En tant que Procureur des Flagrants Délires, Pierre Desproges se laissa aller à des envolées lyriques du style Bossuet ou Malraux :
"Guy Bedos n'est plus. La France perd le meilleur de ses fils et la rampe le meilleur de ses feux. Que dire du désarroi qui nous broie et de la douleur qui nous noue sinon quand nos coeurs l'un et l'autre cohabitent, pour reprendre le cri d'amour du crapaud. Aujourd'hui, te voici comme un langui Guy
où tu parais plus grand couché qu'accroupi et ma voix émue mue de te savoir si mou. "
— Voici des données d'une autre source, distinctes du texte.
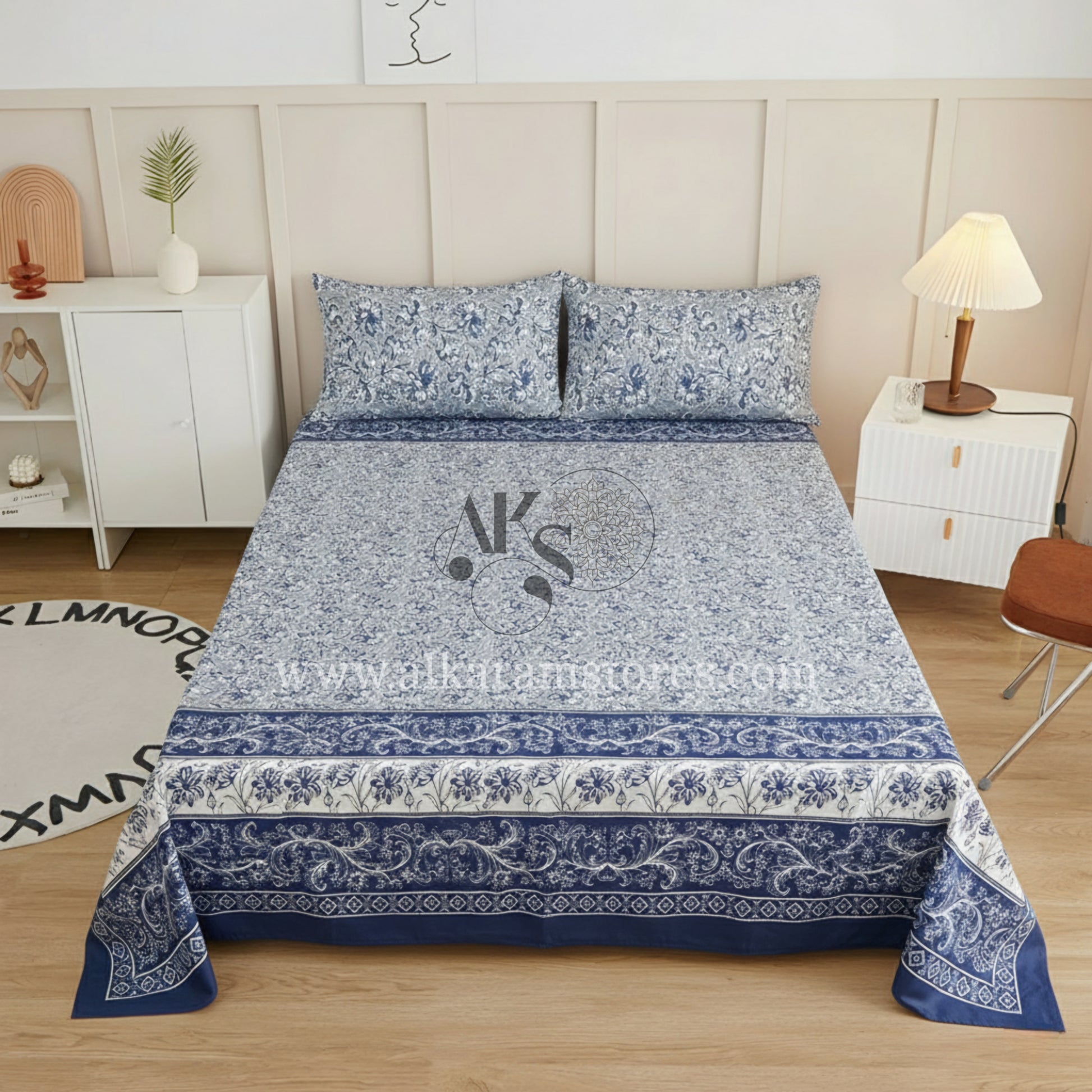 Crystal Cotton 3pc Bedsheet Blue Damask

Pierre Desproges imagine les hommages de la presse au décès de son compère. Chez Libération, l’humoriste serait salué : « Bedos est parti, le froid du destin coup de poing nous atteint en plein hiver, glacé comme un marron ». Il imagine que même l’hebdomadaire d’extrême droite Minute lui rendrait hommage d’une manière bien particulière. « Chouchou de l’intelligentsia cosmopolite de l’Avenue Foch, le pétomane pro-palestinien Guy Bedos, né Bedostein, vient de passer l’arme où ça ? À gauche évidemment ! », s’amuse Pierre Desproges.

« adieu l’artiste, va en paix. Je saurais m’occuper de ta veuve et de ton cher public ».
Trente-deux ans plus tard, les deux amis se retrouvent enfin.